===== INFORMATION =====
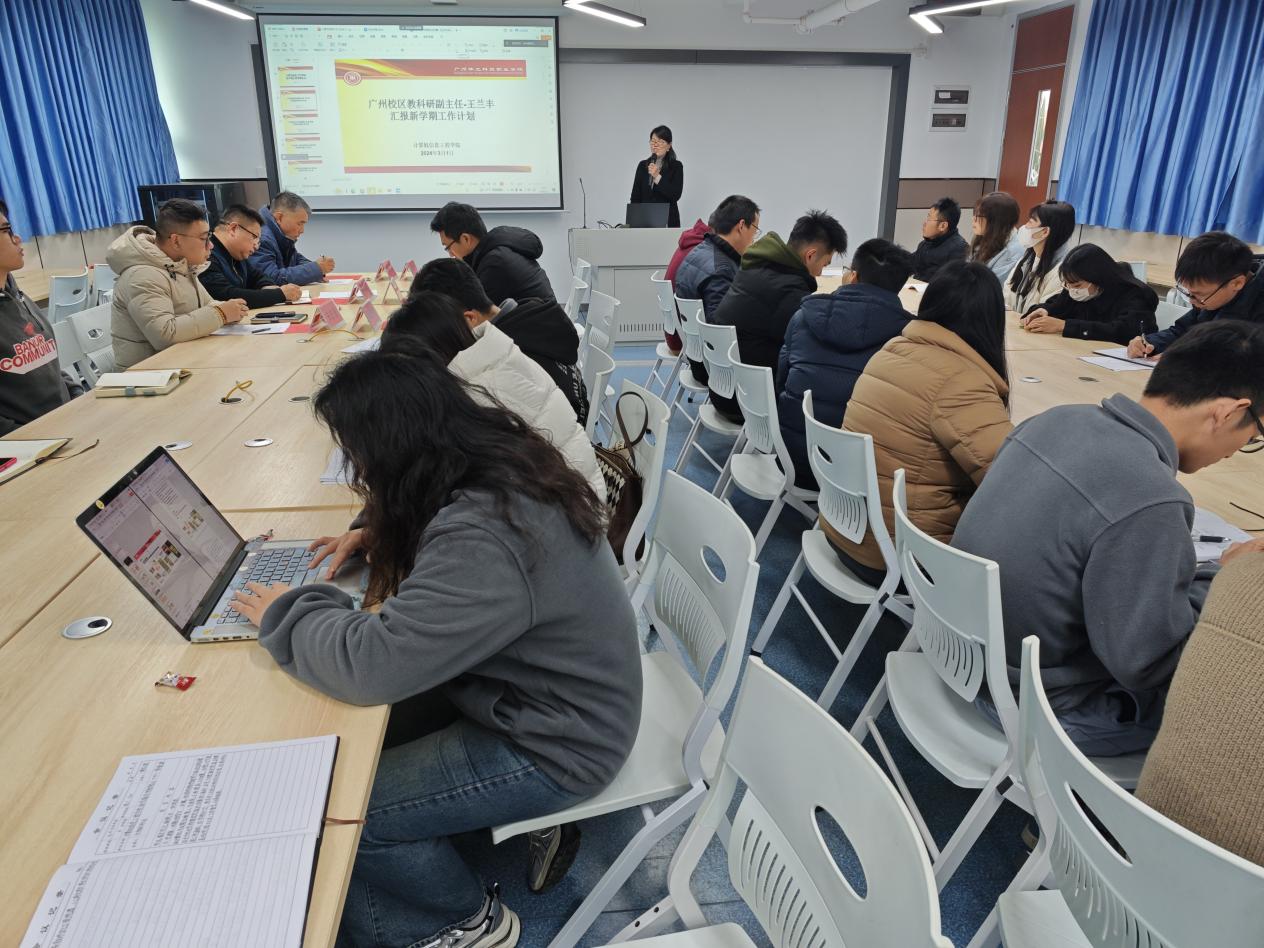 首先广州校区和云浮校区教学主任进行本学期开学初的工作进行汇报。对接下来的教学工作进行安排,首先学习学校下发的教学文件,强调重点关注课堂安全,严格课堂管理,关注学生心理健康;开展形式多样的教研活动,提升教师教学水平,提高教学质量;学生管理方面要加强党员队伍的建设、加强学风建设、校企合作就业方面要进行校企合作构建技术技能平台、积极“走出去、请进来”进行访企拓岗等。
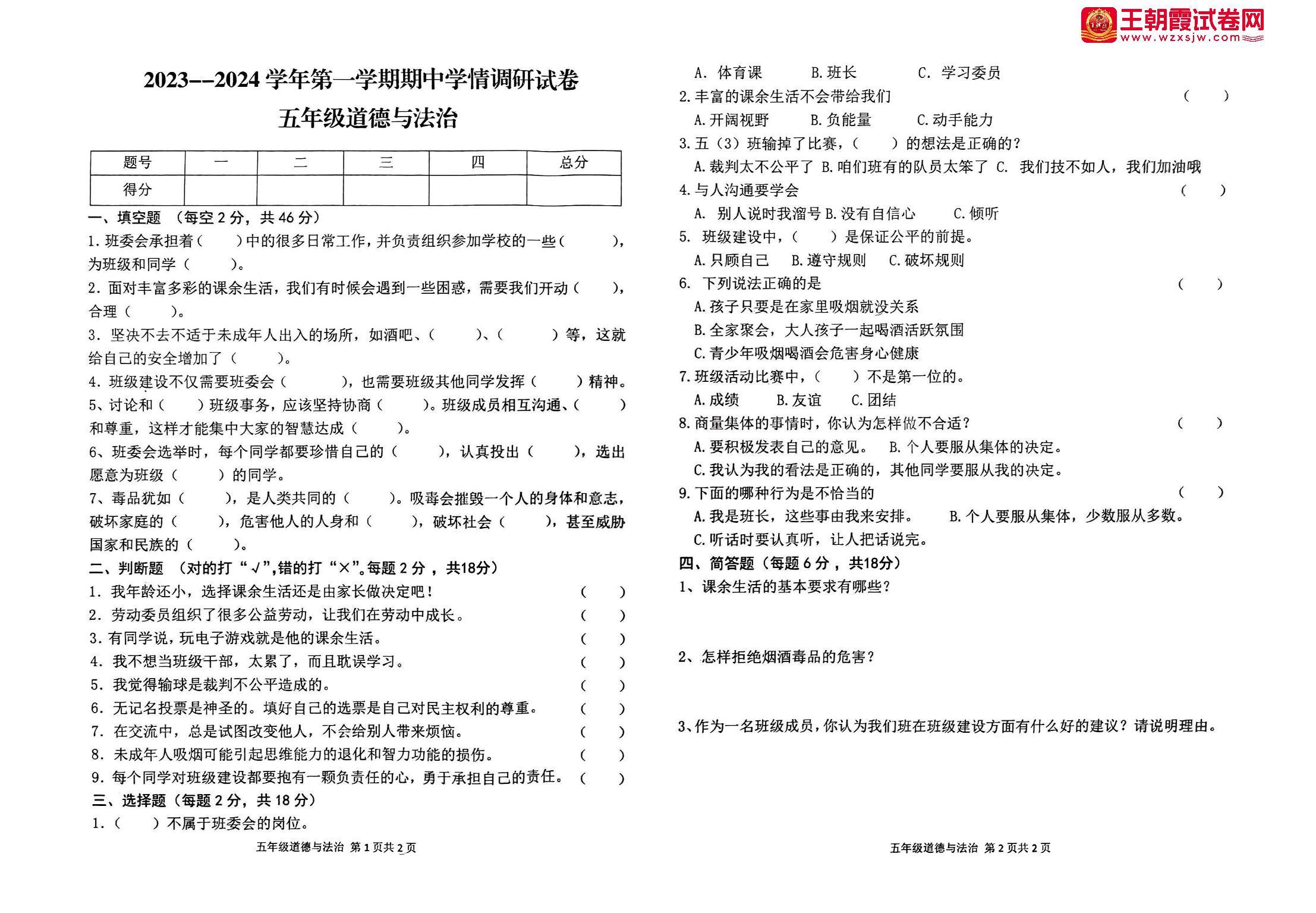 河南省周口市郸城县2023-2024学年第一学期期中学情调研试卷五年级道德与法治(人教版)
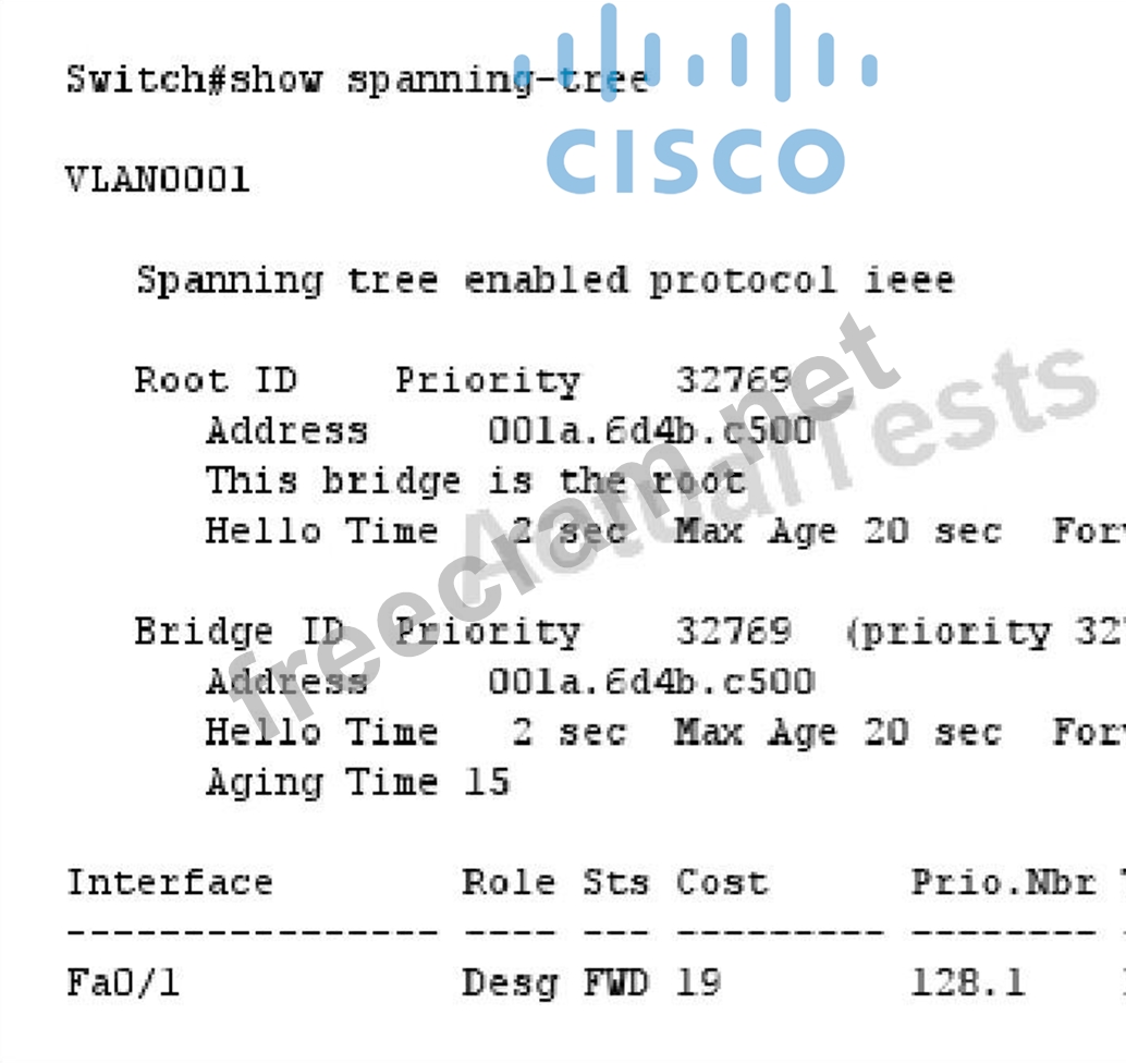 Question 43: Refer to the exhibit. 8 (Exhibit) All switches have default ...
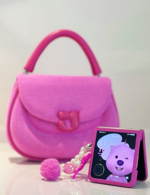 我把荣耀Magic V Filp借给朋友使用,她自己网上买了手机壳和小包包来进行搭配,展现自我风格和情绪!
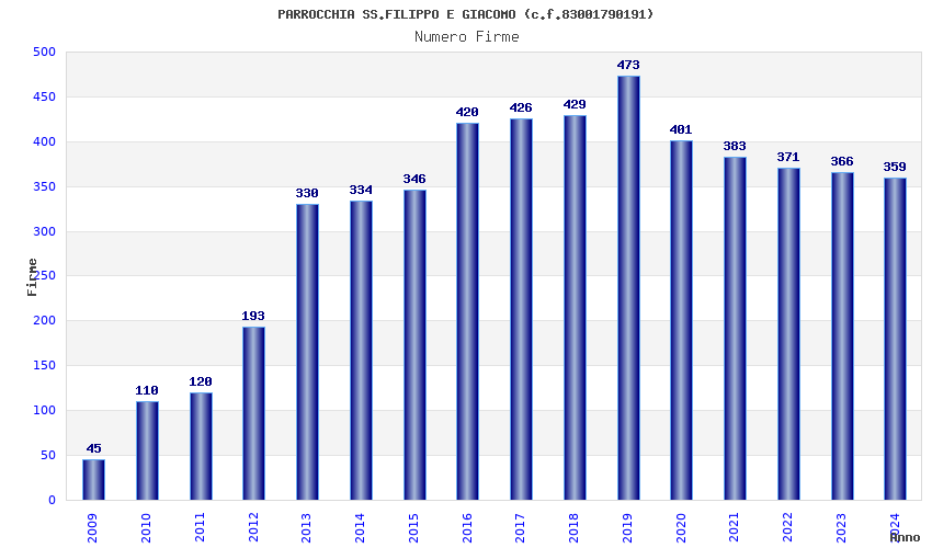 Anno Firme Importi Media Naz. Reg. Prov. Comu.
=====
Set out exactly, and only, the lines between the first line of the listing and the line containing "河南省周口市郸城县2023-2024学年", counting both, while leaving every picture out.

 首先广州校区和云浮校区教学主任进行本学期开学初的工作进行汇报。对接下来的教学工作进行安排,首先学习学校下发的教学文件,强调重点关注课堂安全,严格课堂管理,关注学生心理健康;开展形式多样的教研活动,提升教师教学水平,提高教学质量;学生管理方面要加强党员队伍的建设、加强学风建设、校企合作就业方面要进行校企合作构建技术技能平台、积极“走出去、请进来”进行访企拓岗等。
 河南省周口市郸城县2023-2024学年第一学期期中学情调研试卷五年级道德与法治(人教版)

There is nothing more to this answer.